Flume is a top level project at the Apache Software Foundation. While it can function as a general-purpose event queue manager, in the context of Hadoop it is most often used as a log aggregator, collecting log data from many diverse sources and moving them to a centralized data store.
Note | |
---|---|
What follows is a very high level description of the mechanism. For much greater detail, see the Flume html doc-set that is installed with Flume. Once you have installed Flume, the doc-set can be accessed at |
A Flume data flow is made up of five main components: Events, Sources, Channels, Sinks, and Agents.
An event is the basic unit of data that is moved using Flume. It is similar to a message in JMS and is generally small. It is made up of headers and a byte-array body.
The source receives the event from some external entity and stores it in a channel. The source must understand the type of event that is sent to it: an Avro event requires an Avro source.
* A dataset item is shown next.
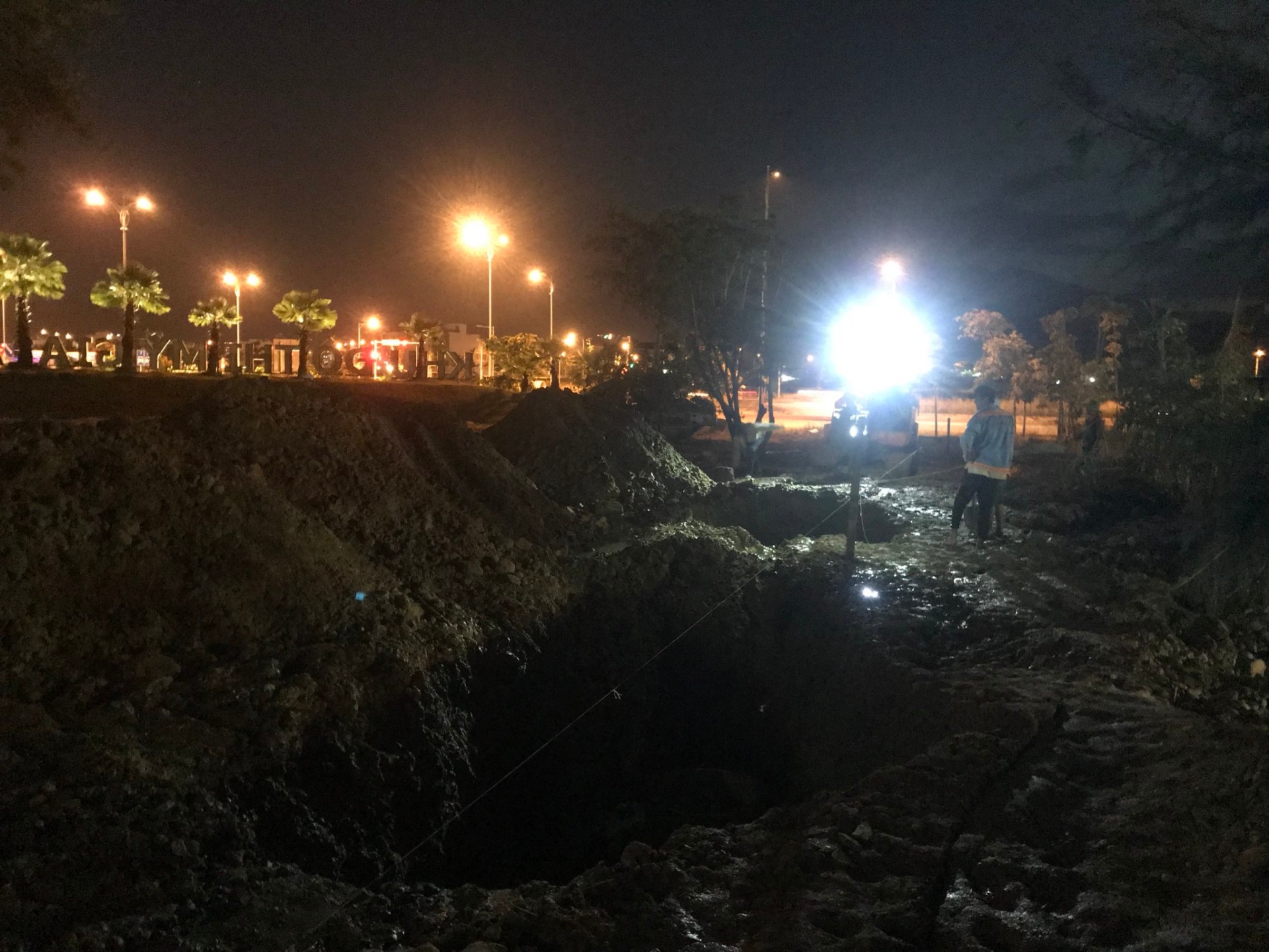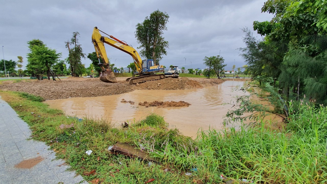 Hình 2. Công tác đào móng, san lấp mặt bằng trong điều kiện trời mưa

A channel is an internal passive store with certain specific characteristics. An in-memory channel, for example, can move events very quickly, but does not provide persistence. A file based channel provides persistence. A source stores an event in the channel where it stays until it is consumed by a sink. This temporary storage allows source and sink to run asynchronously.
The sink removes the event from the channel and forwards it on either to a destination, like HDFS, or to another agent/dataflow. The sink must output an event that is appropriate to the destination.